__Aim of the task__. In the records below, find the line containing "Presidents' Day Half", then copy that line and all lines after it, exactly, omitting every picture.

Given data: Begin

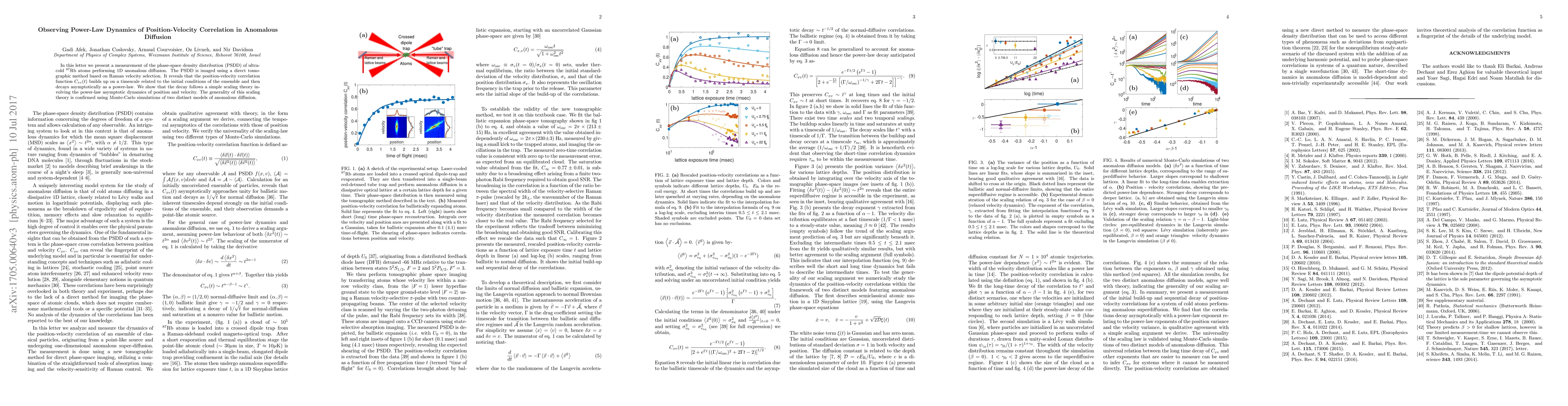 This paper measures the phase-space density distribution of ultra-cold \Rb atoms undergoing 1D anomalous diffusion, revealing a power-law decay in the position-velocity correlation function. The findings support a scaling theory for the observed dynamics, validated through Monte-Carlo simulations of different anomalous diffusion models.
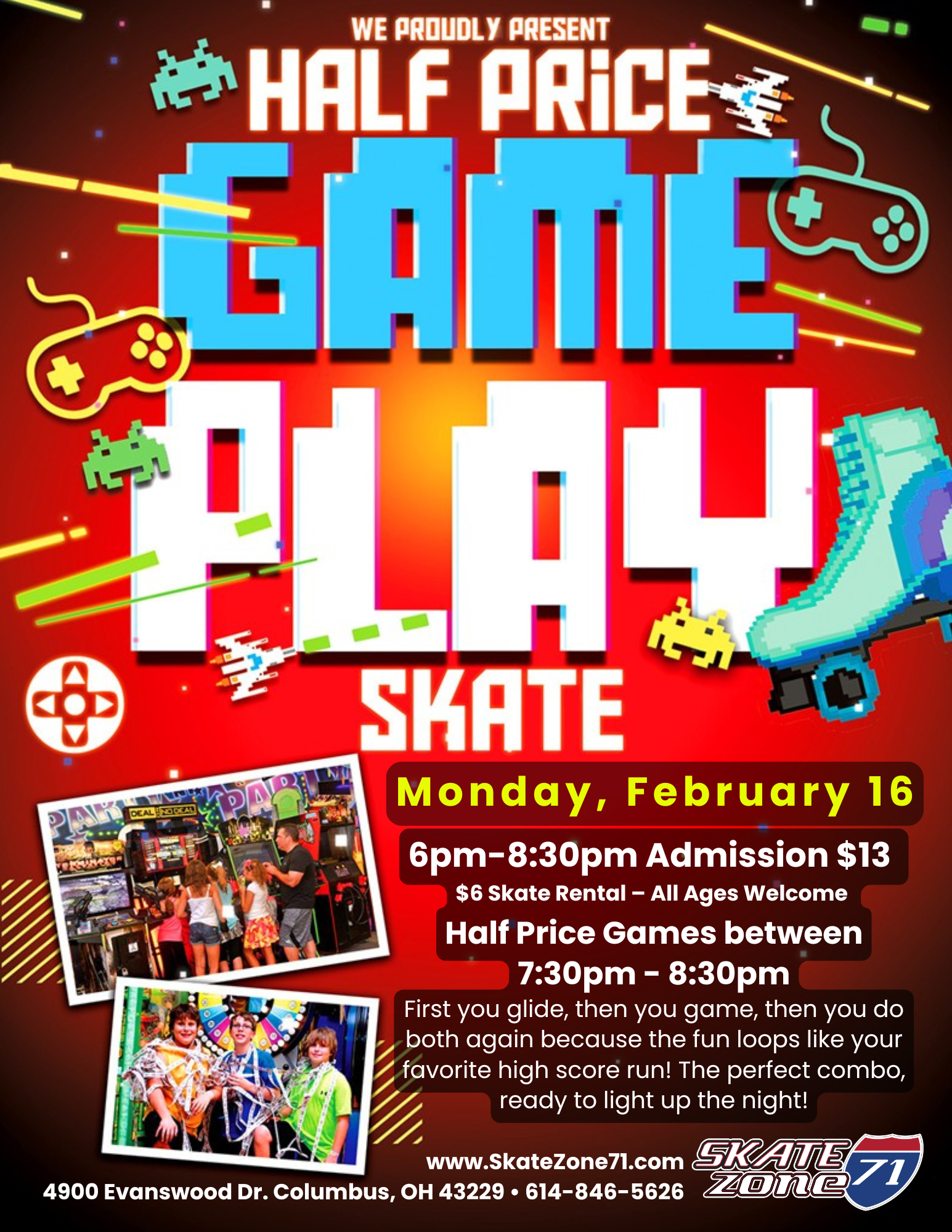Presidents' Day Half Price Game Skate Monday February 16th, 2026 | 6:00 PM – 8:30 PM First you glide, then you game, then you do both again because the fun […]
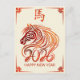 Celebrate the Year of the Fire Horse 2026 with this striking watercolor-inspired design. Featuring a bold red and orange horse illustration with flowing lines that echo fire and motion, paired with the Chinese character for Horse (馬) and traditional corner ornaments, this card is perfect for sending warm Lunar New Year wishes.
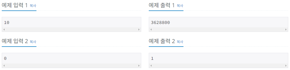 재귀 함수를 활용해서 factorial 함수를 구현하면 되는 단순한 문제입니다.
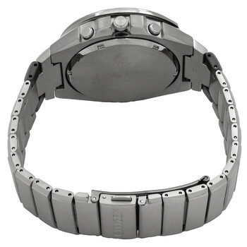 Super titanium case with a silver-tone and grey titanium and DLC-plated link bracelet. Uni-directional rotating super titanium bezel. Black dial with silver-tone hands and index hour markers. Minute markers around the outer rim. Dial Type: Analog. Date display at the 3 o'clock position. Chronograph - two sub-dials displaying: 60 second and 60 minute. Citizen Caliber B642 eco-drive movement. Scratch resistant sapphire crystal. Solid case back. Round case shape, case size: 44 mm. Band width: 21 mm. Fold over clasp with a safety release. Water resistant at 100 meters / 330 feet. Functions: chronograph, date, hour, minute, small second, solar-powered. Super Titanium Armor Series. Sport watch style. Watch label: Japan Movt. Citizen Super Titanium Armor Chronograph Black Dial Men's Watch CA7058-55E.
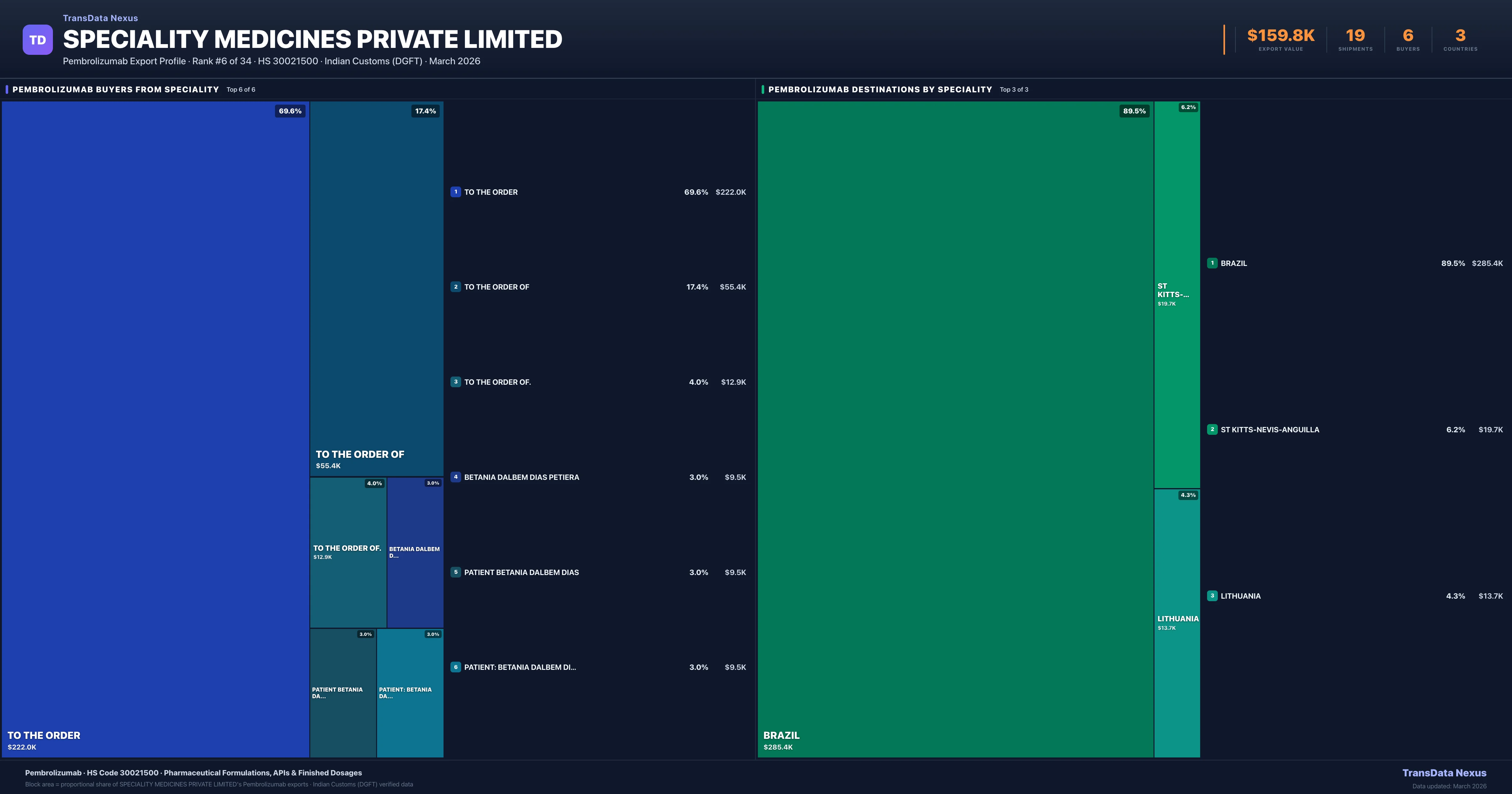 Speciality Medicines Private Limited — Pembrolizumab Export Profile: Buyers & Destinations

Given data: End

__Solution below__.
Presidents' Day Half Price Game Skate Monday February 16th, 2026 | 6:00 PM – 8:30 PM First you glide, then you game, then you do both again because the fun […]
 Celebrate the Year of the Fire Horse 2026 with this striking watercolor-inspired design. Featuring a bold red and orange horse illustration with flowing lines that echo fire and motion, paired with the Chinese character for Horse (馬) and traditional corner ornaments, this card is perfect for sending warm Lunar New Year wishes.
 재귀 함수를 활용해서 factorial 함수를 구현하면 되는 단순한 문제입니다.
 Super titanium case with a silver-tone and grey titanium and DLC-plated link bracelet. Uni-directional rotating super titanium bezel. Black dial with silver-tone hands and index hour markers. Minute markers around the outer rim. Dial Type: Analog. Date display at the 3 o'clock position. Chronograph - two sub-dials displaying: 60 second and 60 minute. Citizen Caliber B642 eco-drive movement. Scratch resistant sapphire crystal. Solid case back. Round case shape, case size: 44 mm. Band width: 21 mm. Fold over clasp with a safety release. Water resistant at 100 meters / 330 feet. Functions: chronograph, date, hour, minute, small second, solar-powered. Super Titanium Armor Series. Sport watch style. Watch label: Japan Movt. Citizen Super Titanium Armor Chronograph Black Dial Men's Watch CA7058-55E.
 Speciality Medicines Private Limited — Pembrolizumab Export Profile: Buyers & Destinations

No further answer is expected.